Ia menerima berkas data dari tangan George.
"Makasih George," ucap Arnorld sumringgah.
"Sama- sama Tuan Arnold, saya permisi," ucap George seraya membungkukan badanya kembali ke ruanganya.
Arnold segera turun ke bawah, memanggil sopir. Tak sabar menemui suplier, pemasok bahan untuk pabrik milik Ryan.
Arnold berpura- pura sebagai pegawai Perusahaan Company menemui Suplier. Ia menukar bahan kualitas premium dengan kualitas biasa.
Suplier merasa heran, tapi karena ada surat kuasa palsu dari Ryan. Ia percaya sepenuhnya.
*****
Kembali ke Amelia
Ryan terpaksa menuruti kemauan Istrinya. Ingin tenang bersama keluarganya. Ryan berpamitan kepada kedua orang tua Amelia. Amelia mengantar suaminya sampai ke depan pintu.
"Pak, Ibu titip Amelia dulu ya, sebulan lagi aku jemput," Ryan mencium kedua tangan Orang tua Amelia secara bergantian.

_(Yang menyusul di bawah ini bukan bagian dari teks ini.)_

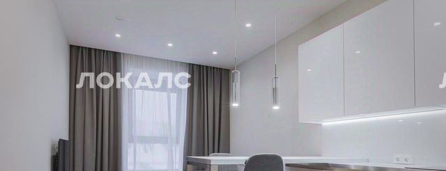 Просторная, 2-комнатная квартира 3477 с гардеробной, евро- планировка (кухня-гостиная + спальня+ санузел), с высокими потолками, площадью 59 м2, расположенная на двадцать третьем этаже нового арендного дома Матч Поинт.
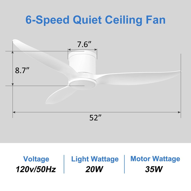 Hbinzar 52 Inch Ceiling Fan with Light and Remote, Indoor Low Profile Flush Mount White Ceiling Fan with Dimmable Light, Reversible Motor for Bedroom, Living Room
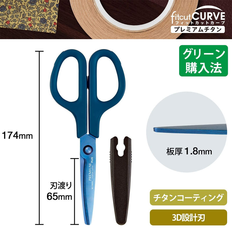 プラス はさみ フィットカット カーブ ベルヌーイ カーブ刃 プレミアムチタン イージーグリップ 左右対称 ブルー アイボリー ピンク ネイビー ブラウン SC-175STN PLUS 【2点までネコポスも対応】
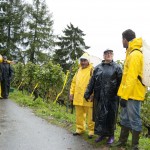 I headed back to Lake Geneva and studied the harvest situation around Rolle, Tartegnin and Mont-sur-Rolle, where rain was setting in, a sure thing for making a wine producer unhappy. In some areas the pickers were giving up for the day, but on the edge of Féchy, next to Bougy-Villars, where workers for Hamel winery were cheerfully carrying on, wrapped in bright macintoshes.
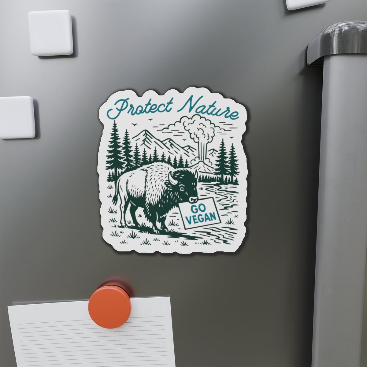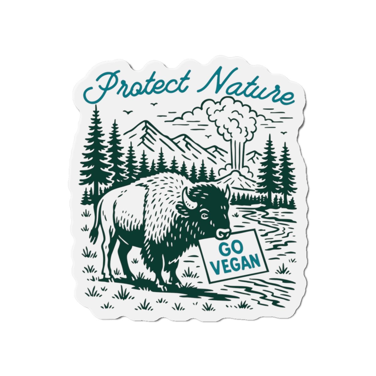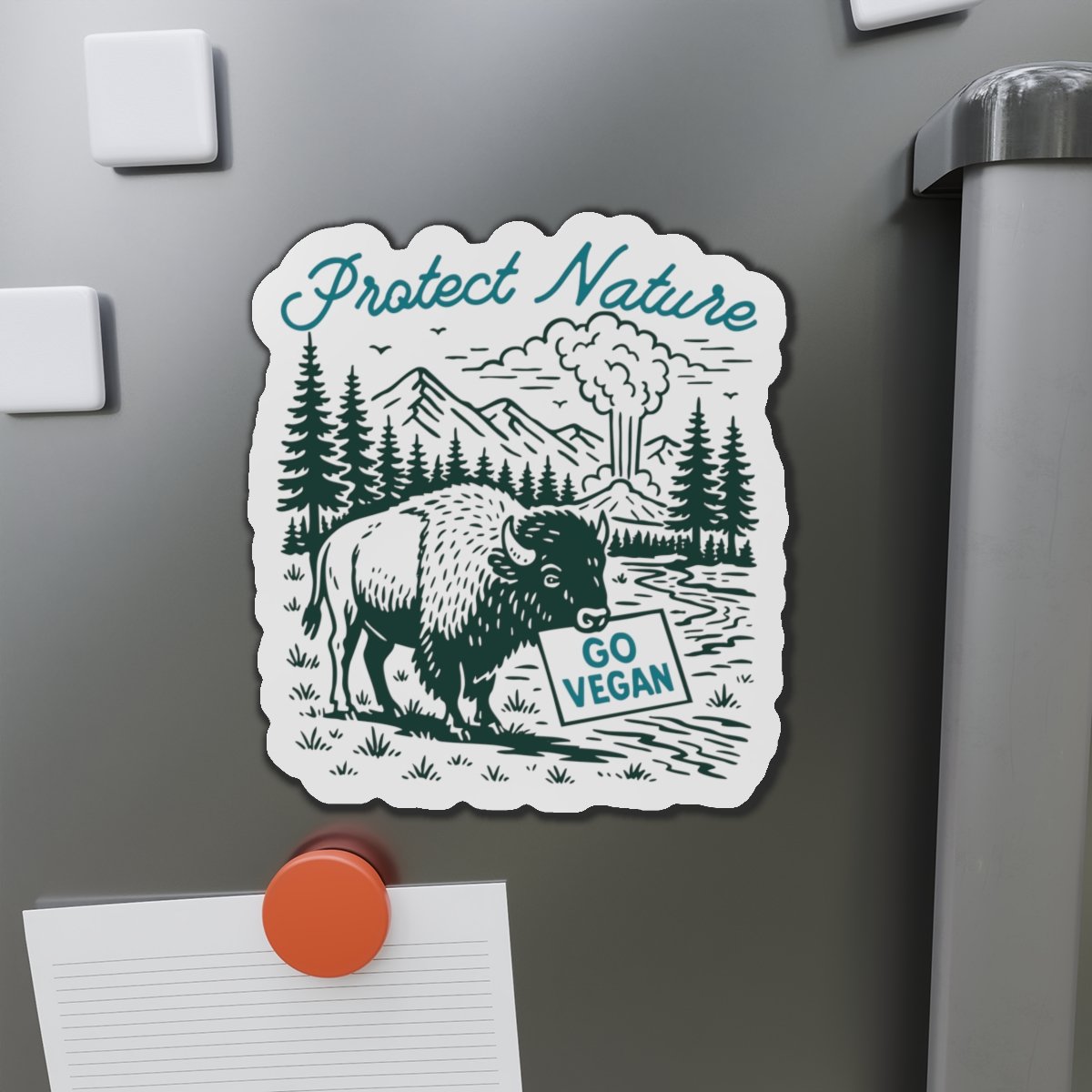 Protect Nature, Go Vegan. This retro vegan magnet features a bison holding a Go Vegan sign, set against a backdrop of Yellowstone’s mountains, pine trees, and a geyser. Designed in a vintage outdoor style, it makes a perfect eco friendly accent for your fridge, car, locker, or office space.

"Iya nak. Kami juga masih kangen dengan Amelia. Kamu hati- hati di jalan ya, semoga sampai Singapore dengan selamat," ucap Ibu.
Ryan menatap istrinya sendu. Tak rela berada jauh dari sisinya. Walau saat ini bersama keluarganya. Tapi serasa ada yang kosong dalam jiwa Ryan. Amelia juga tak tega melihat tatapan sendu Ryan. Tapi ini demi kebaikan hatinya sendiri. Saat ini butuh waktu untuk kembali mencintai suaminya sepenuh hati.
Ryan masuk mobil tapi tatapanya masih memandang istrinya. Amelia melambaikan tanganya. Lambaian tanganya menorehkan rasa sakit di hati. Ia mengusap dadanya sendiri. Serta menguatkan jiwanya bahwa ini hanya sementara. Sebulan lagi akan berkumpul lagi dengan cinta yang lebih indah tentunya.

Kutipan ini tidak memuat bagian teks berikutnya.